O licopeno, um carotenóide com importante função fisiológica, é responsável pela coloração vermelho-alaranjada de frutas e hortaliças nas quais está presente. Esse carotenóide não tem atividade de provitamina A, mas tem um efeito protetor direto contra radicais livres, sendo considerado um potente antioxidante protetor da camada celular por reação com os radicais peróxidos e com o oxigênio molecular, principalmente (Moritz & Tramonte3). O β-caroteno, por sua vez, além de possuir atividade provitamina A, apresenta propriedades antioxidantes, protegendo o corpo contra certas doenças, retardando o envelhecimento, além de ser utilizado como corante natural para produtos alimentícios (Olson2).

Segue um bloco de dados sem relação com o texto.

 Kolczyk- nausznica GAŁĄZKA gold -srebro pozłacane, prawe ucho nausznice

A deficiência de vitamina A (DVA) é considerada um problema grave em mais de sessenta países. Em todo o mundo, estima-se que cerca de 4,4 milhões de pré-escolares sofram com os sinais clínicos da carência de vitamina A e que 127 milhões apresentem a deficiência na forma subclínica. Mesmo os inquéritos nacionais sendo escassos, no Brasil, a prevalência de DVA está estimada entre 16 e 74% em crianças menores de seis anos (West Jr4). Os inquéritos bioquímicos disponíveis no Brasil confirmam que a DVA é um problema de saúde pública nos estados de São Paulo, Minas Gerais, Pernambuco, Paraíba, Bahia e Amazonas (Ramalho et al.5, 2002).
Dada a dificuldade de consumo dos produtos de origem animal devido ao seu custo mais elevado, as hortaliças e frutas contribuem com quantidades expressivas de provitaminas A para suprir a necessidade diária da vitamina. Hortaliças, como couve e tomate, podem ser produzidas praticamente durante todo o ano e sua aquisição é acessível para a maior parte da população. A couve (Brassica oleracea) destaca-se entre as hortaliças folhosas ricas em carotenóides devido a sua facilidade de produção e consumo em boa parte do território nacional (Campos6).

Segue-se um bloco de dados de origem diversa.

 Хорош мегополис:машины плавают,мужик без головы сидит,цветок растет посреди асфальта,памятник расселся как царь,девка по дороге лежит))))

No Brasil, o tomate (Lycopersicom esculentum) é um dos alimentos mais consumidos, seja cru ou processado, por indivíduos de todas as classes sociais. Embora não seja considerado uma fonte rica de compostos pró-vitamina A, o tomate e seus produtos merecem atenção em termos de valor de vitamina A devido à facilidade de ser encontrado e de seus preços acessíveis. Por outro lado, é uma excelente fonte de licopeno. Uma vez que outros efeitos benéficos atribuídos aos carotenóides, tais como a prevenção do câncer e melhora da atividade imunológica, não são restritos aos precursores de vitamina A, todos os alimentos ricos em carotenóides, como o tomate, devem ser considerados (Campos6).
Devido à alta capacidade de oxidação dos carotenóides, o valor nutricional desses alimentos pode ser reduzido durante as diversas etapas a que são submetidos desde a colheita até a ingestão pelo consumidor (Bianchi & Antunes7). É de suma importância prever tais perdas e estabelecer medidas preventivas e critérios que possam ser adotados para minimizar o prejuízo nutricional tanto em domicílio, quanto em serviços de alimentação de coletividades.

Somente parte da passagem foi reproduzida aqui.